- [DATASET CONTENT]:
*** Begin section ***
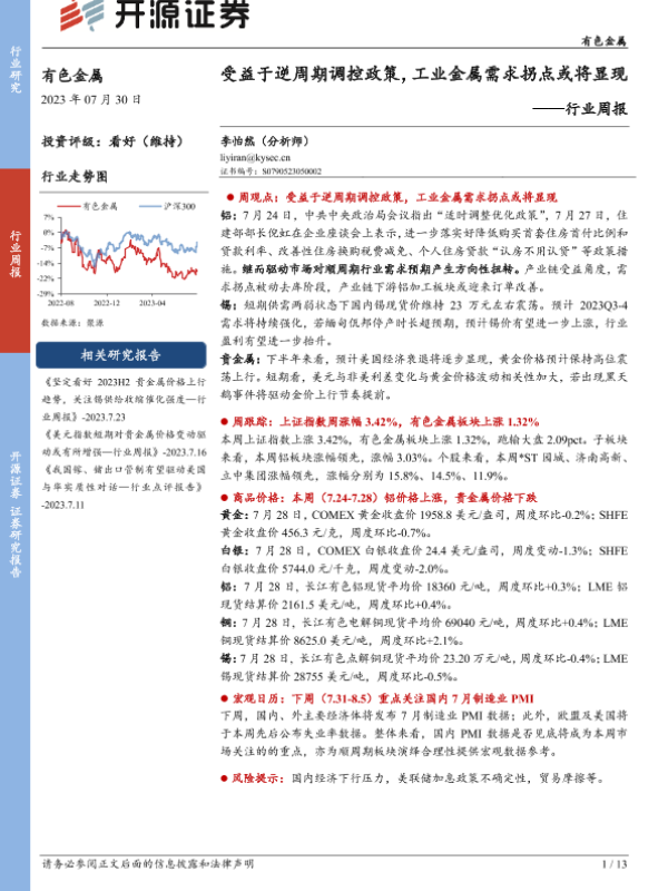 【开源证券】【20230730】20230730-开源证券-有色金属行业周报:受益于逆周期调控政策,工业金属需求拐点或将显现-13页
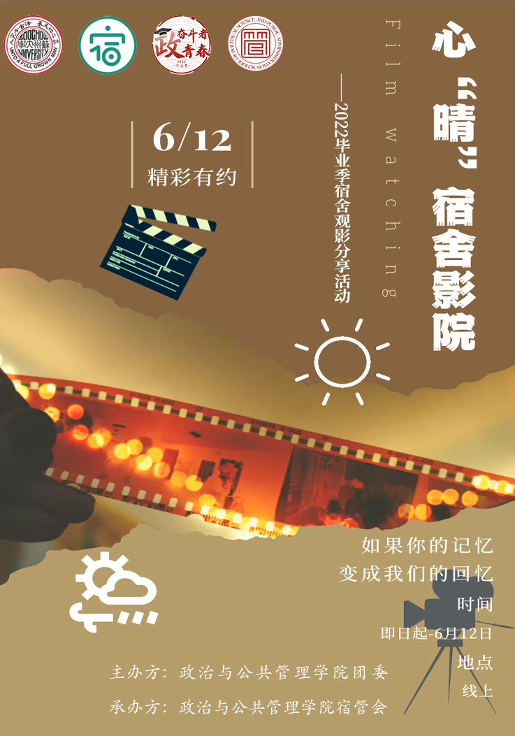 海报 | 必威西汉姆联“奋斗者 ‘政’青春”毕业季系列活动之心“晴”宿舍影院
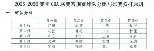 虎扑09月24日讯据相关消息人士透露,2025-2026赛季CBA初版赛程已经出炉,20支球队被分为四组,共计42轮比赛。值得一提的是,山西、广东和上海同被分为第三组,成为最大的“死亡之组”。
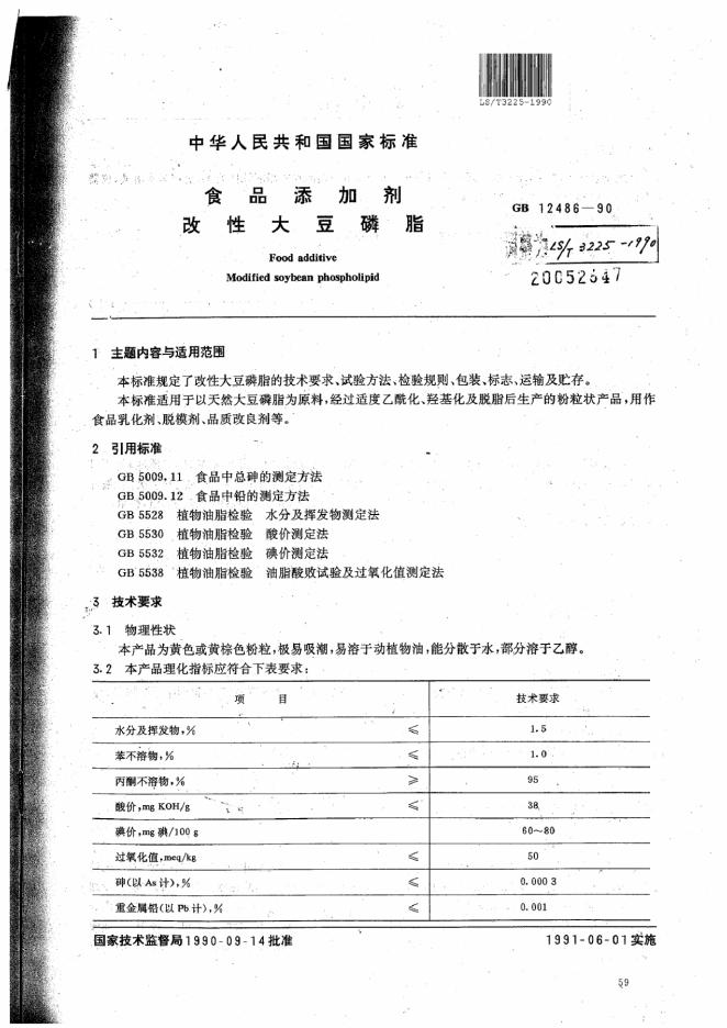 LS/T 3225-1990 食品添加剂 改性大豆磷脂
*** End section ***
- [PROBLEM DETAILS]: Give the complete material again, exactly as written. Do not include the pictures.

- [REPLY]:
 【开源证券】【20230730】20230730-开源证券-有色金属行业周报:受益于逆周期调控政策,工业金属需求拐点或将显现-13页
 海报 | 必威西汉姆联“奋斗者 ‘政’青春”毕业季系列活动之心“晴”宿舍影院
 虎扑09月24日讯据相关消息人士透露,2025-2026赛季CBA初版赛程已经出炉,20支球队被分为四组,共计42轮比赛。值得一提的是,山西、广东和上海同被分为第三组,成为最大的“死亡之组”。
 LS/T 3225-1990 食品添加剂 改性大豆磷脂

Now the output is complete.